Sancta Names & Terms to be Changed into Latin

The Council in the third legislative session of the administrative year 2015 adopted Latin as Sandus’s third official language, taking the place of the constructed language Sancta. Previously, Sancta had served primarily as a cultural language used in the proceedings of the Collegio Sacerdae, Sandus’s cultural and religious cooperative. Now, after more than a month since that decision was reached, the Sôgmô is renovating the names of cooperatives and the legal terms used in Sandus derived from the former official language. This change requires rebranding of the logos and symbols used by cooperatives such as the Collegio Sacerdae and requires the changing of legal terminology in the laws.

A motion is currently before the Council about updating the legal terminology to make a full citizen, known in Sancta as “civilo,” into the masculine, feminine, and neuter «civis»; a foreign citizen, known in Sancta as a “socilivo,” into masculine «socius,» feminine «socia,» and neuter «socium»; and, a partial citizen or alien resident, known in Sancta as “peregro,” into masculine «peregrinus,» feminine «peregrina,» and neuter «peregrinum.»

The name of the Collegio Sacerdae will become «Collegium Sacerdotum,» a Latin translation of the name “College of Priests.”  The Sôgmô has already announced that the term Sôgmô will not be translated directly into Latin, whose equivalent is «dux» or «rex,» but will remain intact, though Latin endings will be added. The Sôgmô, or «Sōgmō» as it will be known in modern Sandum Latin, will be a masculine, feminine, and neuter third declension noun, declined as:

Nominative: Sōgmō, Sōgmōnēs
Genitive: Sōgmōnis, Sōgmōnum
Dative: Sōgmōnī, Sōgmōnibus
Accusative: Sōgmōnem, Sōgmōnēs
Ablative: Sōgmōne, Sōgmōnibus
Vocative: Sōgmō, Sōgmōnes

The formal and customary title of the Sôgmô, “the Honourable Sôgmô,” will be «ille Honorabilis Sôgmô,» using the Vulgar Latin use of «ille» as a definite article.

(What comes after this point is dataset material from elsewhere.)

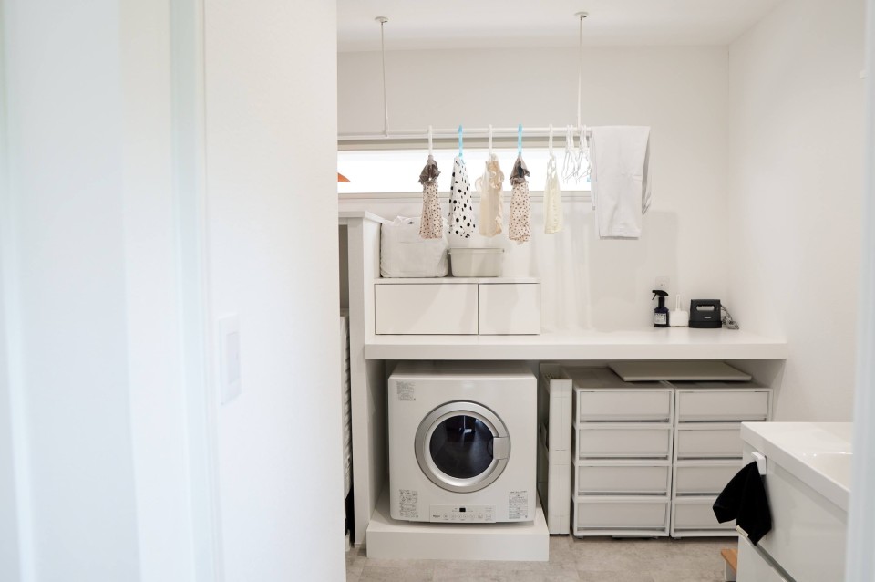 ユニテハウスが提案する「機能的な箱の家」では、水回りを1箇所に集約し、脱衣所から数歩で干せる「ゼロ動線」もご提案しています。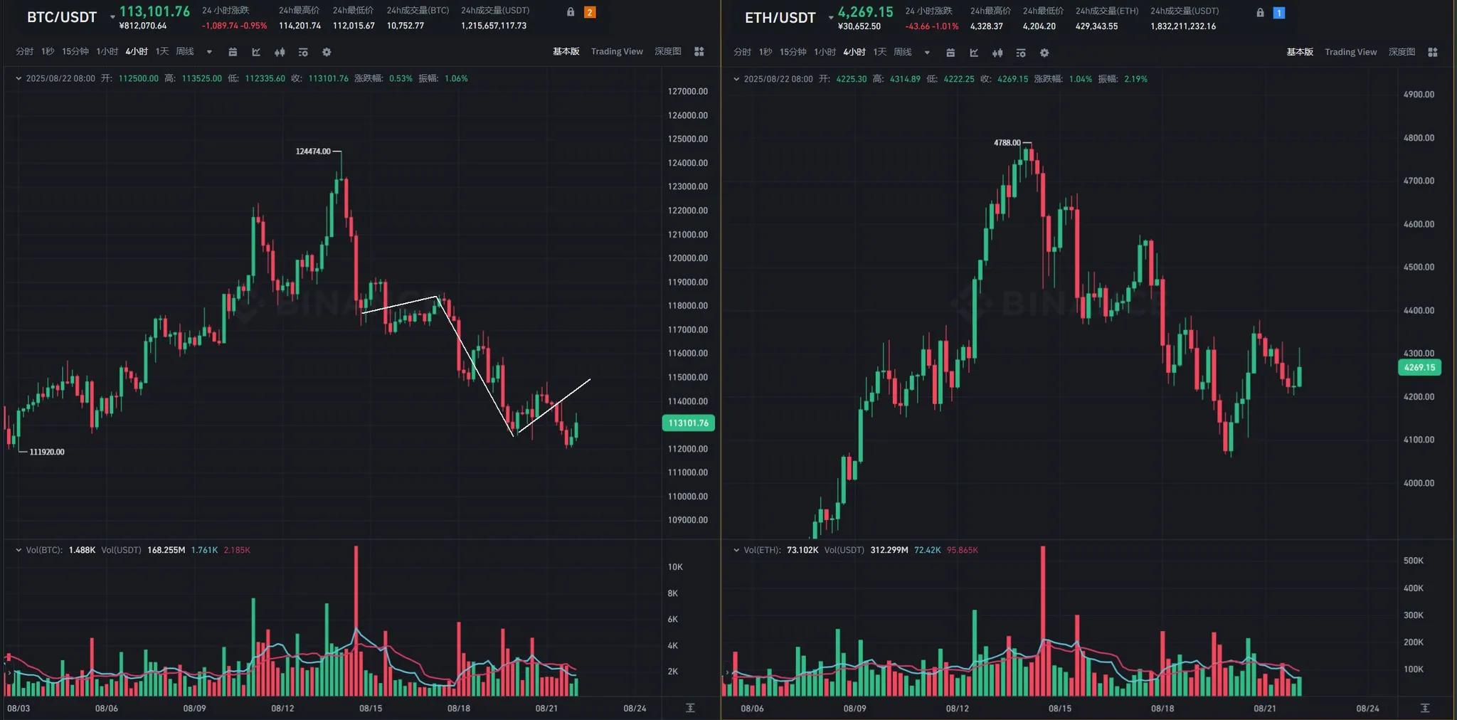 从 BTC 走势看,全周呈现多波段下行、低点持续刷新的格局:上周四(8.14)下跌后虽进入多头反弹,但反弹力度疲软,在 119000 美元处遇阻回落;17 日晚间开启的下跌调整级别不足,导致 18 日、19 日的四小时级反弹未能延续。20 日晚 8 点,技术面本有望启动四小时至日线级反弹,但受美股拖累,9 点左右突发下杀,后续持续低位震荡。

More Latin translations will be found and given in the future for other cooperatives, offices, and institutions in the State structure of Sandus. Such translations include the Citizens’ Party of Sandus, whose Latin translations may include «Civilis Factio Sande» or «Factio Civium Sande.» Or another noun may be yet decided upon to avoid the negative connotations with the English word “faction,” which is derived from the Latin word «factio,» such as the participle «Partitus,» from which Italian receives its version of “party,” partito. According to the Sôgmô, who is actively translating the names of Sandum organs, institutions, and offices into Latin, this is what makes modern translations difficult. “In order to avoid unnecessary negative connotations and to better represent Sandus’s defining qualities entrenched in Sancta and Philia, it is important to meditate on the translations and think, ‘given these associations and other alternatives, which do I prefer and why?'” It is for this reason that translating something like “the Secretary of the Party” or “Party Secretary” so difficult, as “secretary” in Latin (secretarius) translates as the agent or keeper of secrets — which is not the modern meaning of “secretary” when compared to the Party’s Communist history — and other translations, like dux or imperator, have connections to Fascism and Imperialism; currently, the Sôgmô is leaning towards «Partitus Civium Sandarum» and «Caput Partiti.»

The move towards Latin as a cultural language in Sandus has inspired a renewed thought in Sandus’s early history in 2009 to 2010, in which “Sandum Latin” was a distinct constructed language. Today, “Sandum Latin” refers to the variant of modern Latin used in Sandus in official and cultural capacities.